### Action item
What you should give back is a precise copy of the lines below from the one containing "SHOWOFFFF Edition Men's" through the one containing "Deceptively roomy lunch", with no pictures.

### Given entries
+++

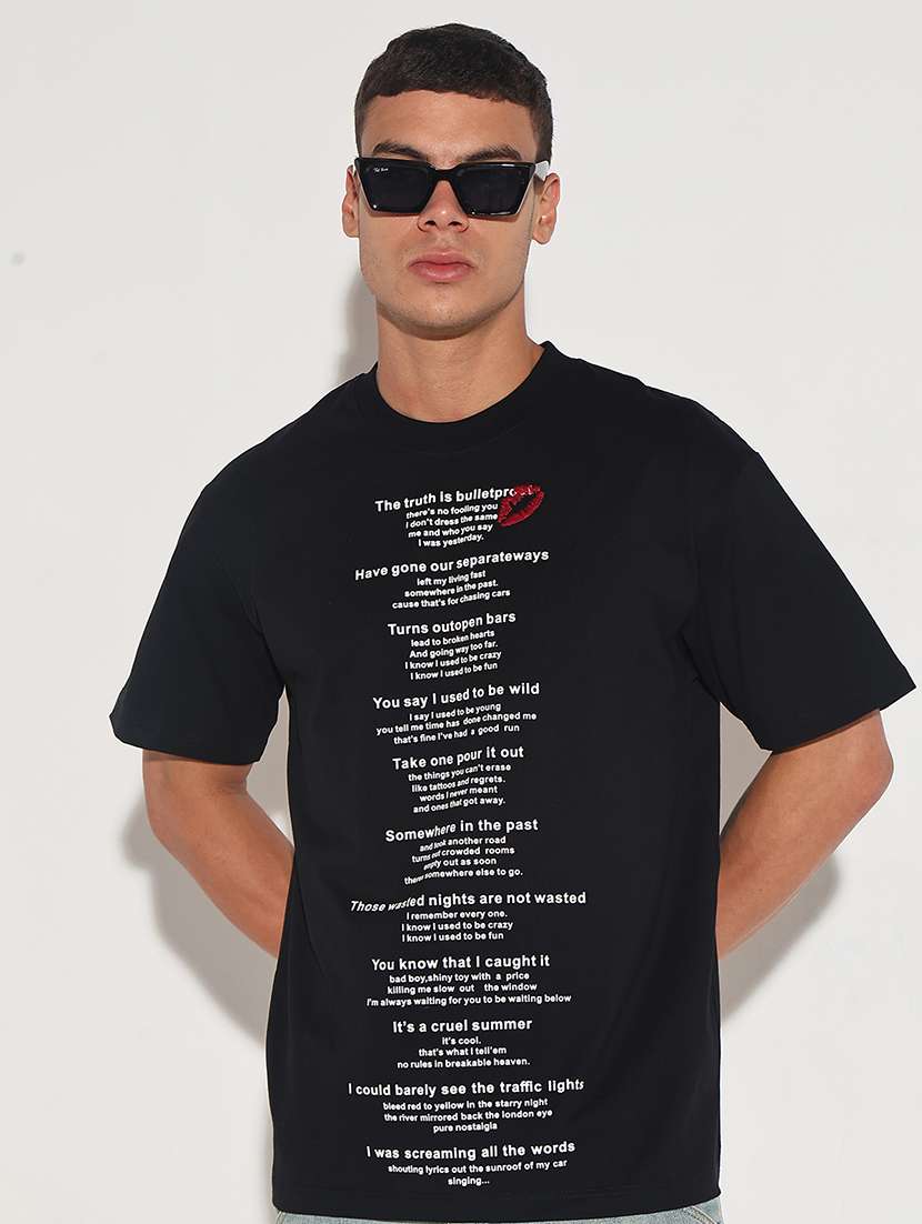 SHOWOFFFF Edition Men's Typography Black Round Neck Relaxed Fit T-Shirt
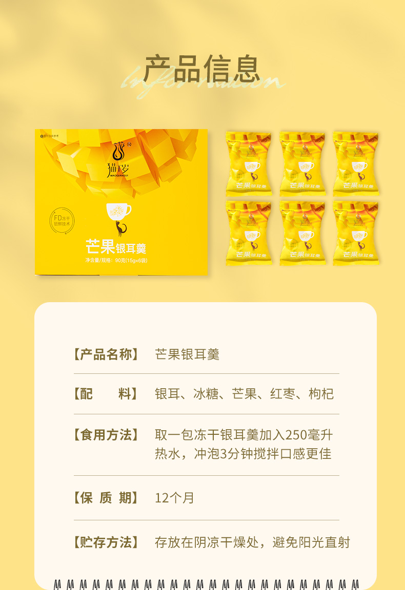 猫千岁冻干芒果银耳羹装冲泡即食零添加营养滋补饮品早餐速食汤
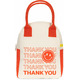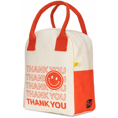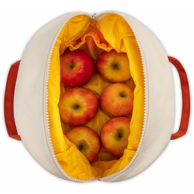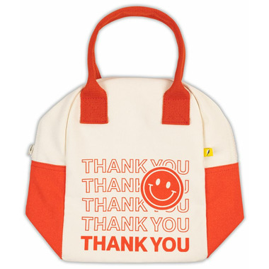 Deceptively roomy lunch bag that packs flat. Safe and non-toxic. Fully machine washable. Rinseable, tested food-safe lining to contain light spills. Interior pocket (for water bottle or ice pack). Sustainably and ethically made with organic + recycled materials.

+++

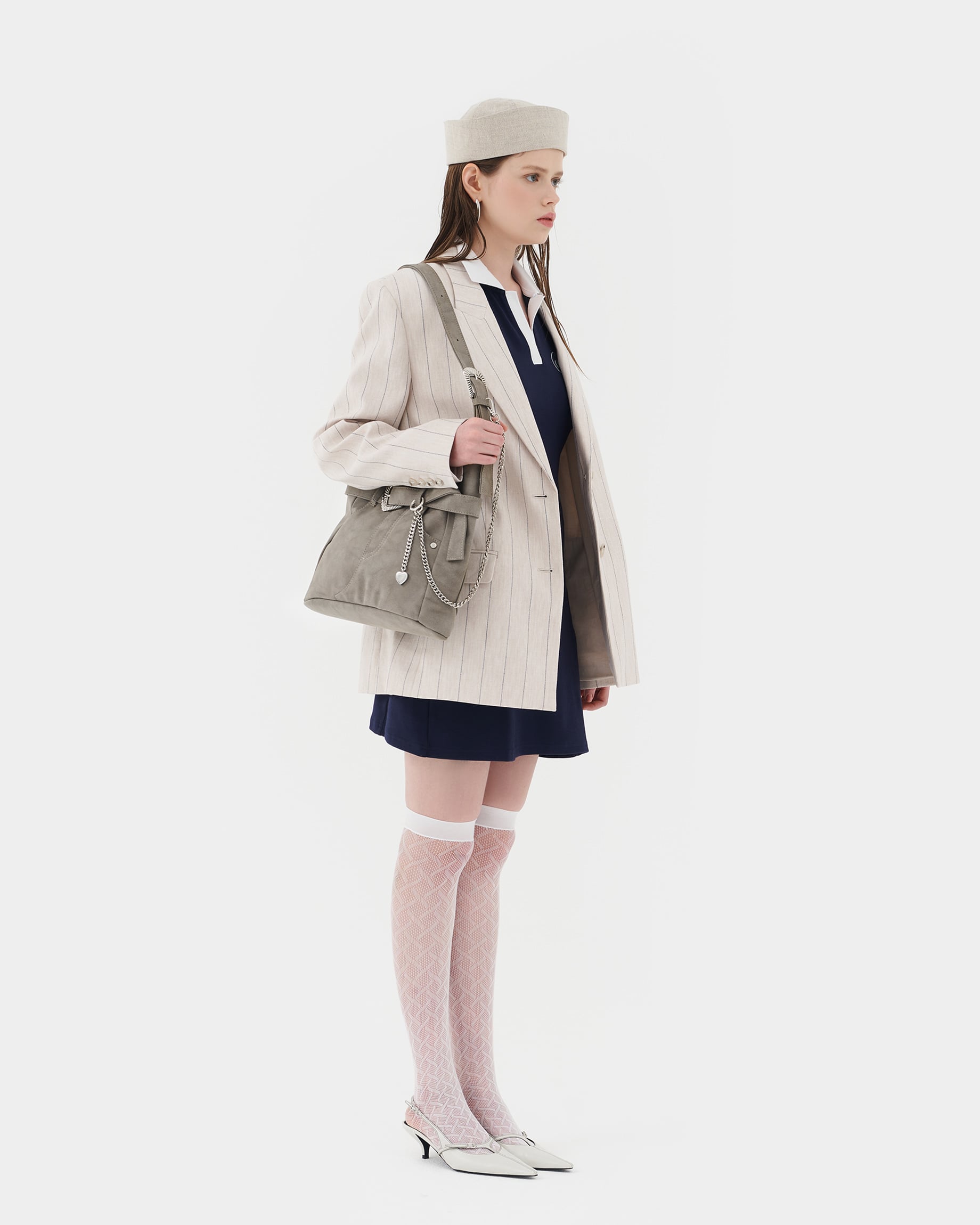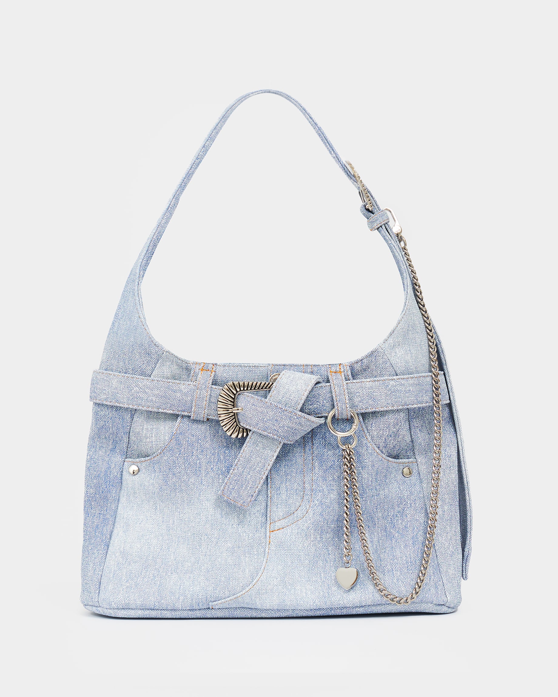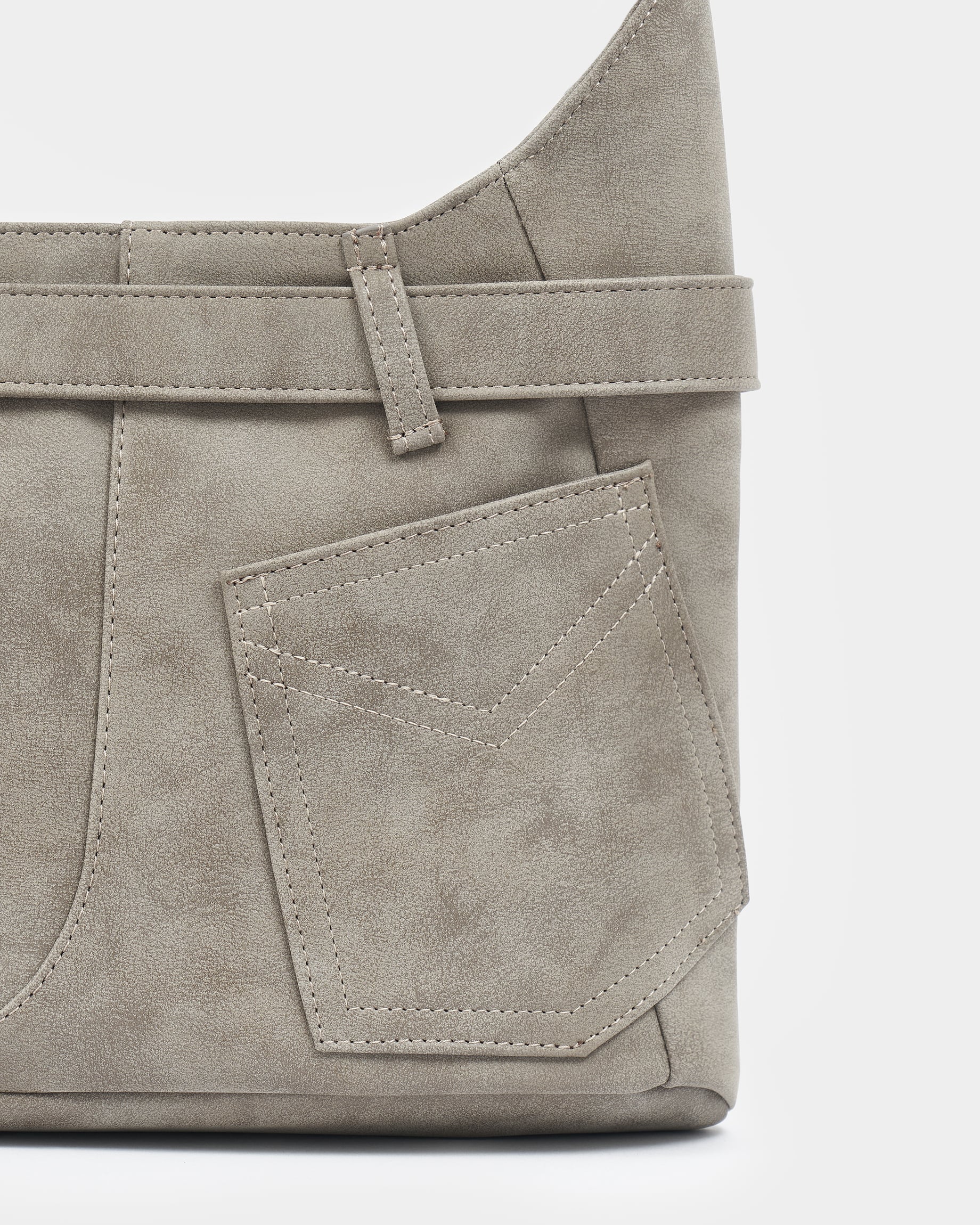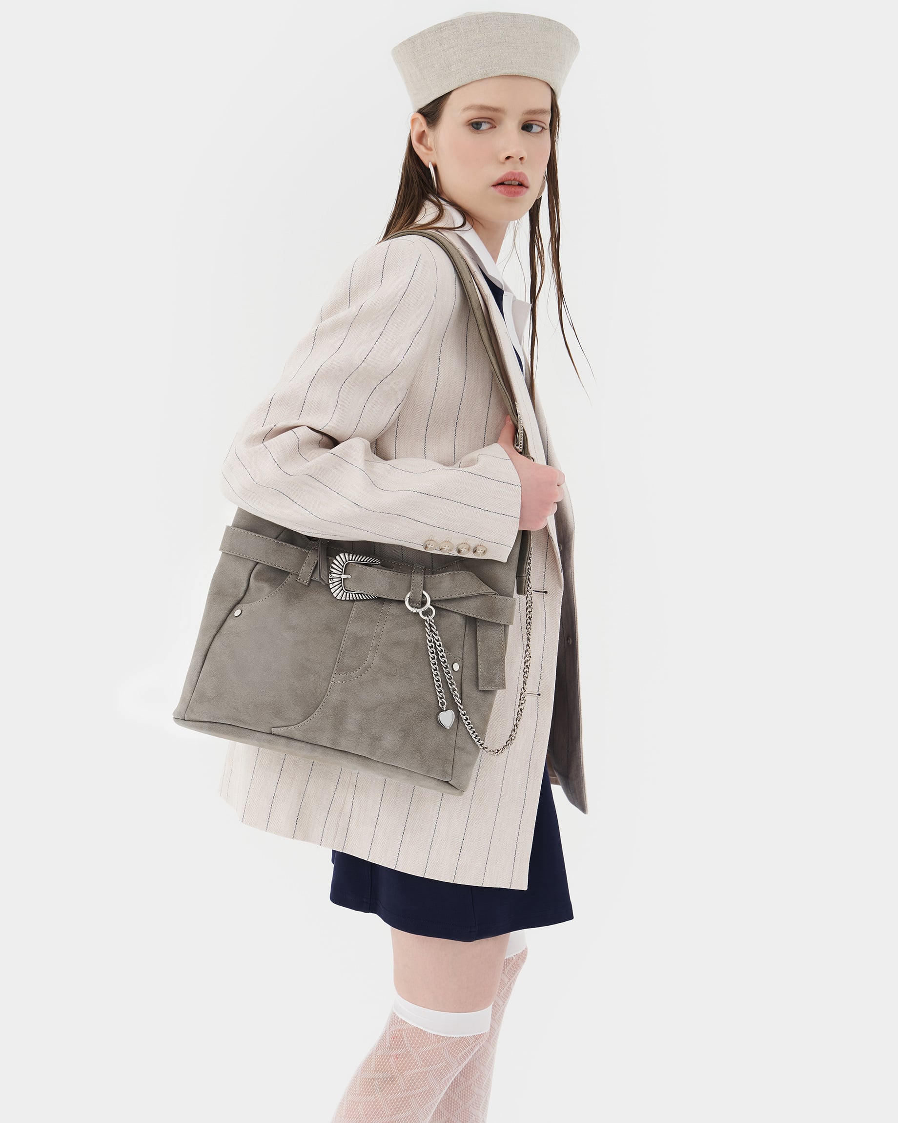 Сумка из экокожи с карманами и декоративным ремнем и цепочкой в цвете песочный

+++

### Answer space
 SHOWOFFFF Edition Men's Typography Black Round Neck Relaxed Fit T-Shirt
 猫千岁冻干芒果银耳羹装冲泡即食零添加营养滋补饮品早餐速食汤
 Deceptively roomy lunch bag that packs flat. Safe and non-toxic. Fully machine washable. Rinseable, tested food-safe lining to contain light spills. Interior pocket (for water bottle or ice pack). Sustainably and ethically made with organic + recycled materials.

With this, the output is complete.